O foco das minhas reflexões está no Estado, em um esforço para entender a relação entre biopolítica (dar a vida) e a necropolítica (promover a morte). Não terei como objeto de análise os efeitos do necrobiopoder nos atos de reconhecimento nas relações sociais difusas. As agressões e mortes das travestis; o ato de amarrar um homem negro a um poste; um jovem que tem a testa tatuada com a frase: “Sou ladrão e vacilão”; o assassinato de uma moradora de rua em Copacabana; uma adolescente estuprada por 33 homens são fatos que guardam certa correspondência com as necrobiopolíticas, mas merecem análises singulares. Certamente a violência difusa revela linhas de continuidades com o que estou chamando de necrobiopoder, conceito que proponho para interpretar um conjunto de técnicas de governabilidade.

Conforme discutirei, a governabilidade não se refere exclusivamente ao cuidado da vida, como propõe Foucault (1999). Minha hipótese é a de que a governabilidade, para existir, precisa produzir interruptamente zonas de morte. Ou seja, governabilidade e poder soberano não são formas distintas de poder, mas têm, pensando no contexto brasileiro, uma relação de dependência contínua – seja numa abordagem sincrônica ou diacrônica.

Na história brasileira do Estado, “dar a vida e dar a morte” não podem ser pensados separadamente. Quando eu digo dar a vida e dar a morte me distancio da posição de Foucault, segundo a qual o Estado moderno tem como fundamento “fazer viver, deixar morrer”.

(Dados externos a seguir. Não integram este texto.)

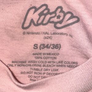 Pink short sleeve tee featuring Kirby and food graphics. Bold yellow text design.
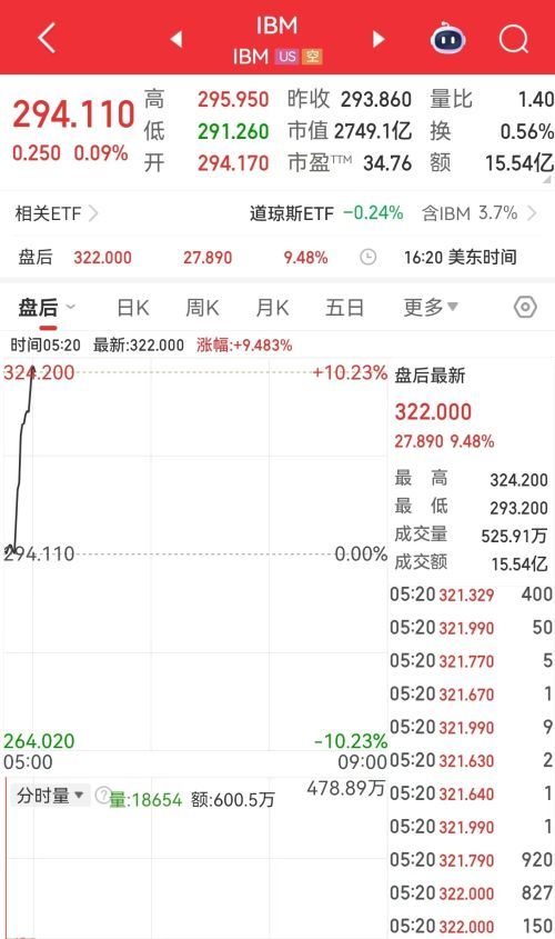 IBM第四季度营收196.9亿美元,同比增长12%,预估为192.1亿美元;第四季度软件收入90.3亿美元,同比增长14%,预估88.2亿美元;第四季度咨询收入53.5亿美元,同比增长3.4%,预估53.8亿美元;第四季度每股运营收益4.52美元,预估4.28美元;第四季度自由现金流75.5亿美元,同比增长23%,预估68.5亿美元。IBM盘后涨超7%。

O verbo “deixar” sugere que o Estado não irá desenvolver políticas de morte. Ao contrário, afirmo que há uma reiterada política de fazer morrer, com técnicas planejadas e sistemáticas. Ao mesmo tempo, me distancio também de Agamben (2013) porque nem todas as vidas são nuas. Algumas nascem para viver, outras se tornam vidas matáveis pelo Estado. O conto político “homo sacer” (Agamben, 2013) serve muito pouco para interpretarmos a necrobiopolítica brasileira.

Foi o necrobiopoder que nutriu e engordou aqueles/as que foram chamados a fazer parte da “população”. Um país que por 388 anos extraiu sua riqueza de “sombras personificadas” (Mbembe, 2014) não pode deslocar “vida” de “morte”. Necropoder e biopoder (vida matável e vida vivível) são termos indissociáveis para se pensar a relação do Estado com os grupos humanos que habitaram e habitam o Estado-nação.

Por que necrobiopoder e não bionecropoder?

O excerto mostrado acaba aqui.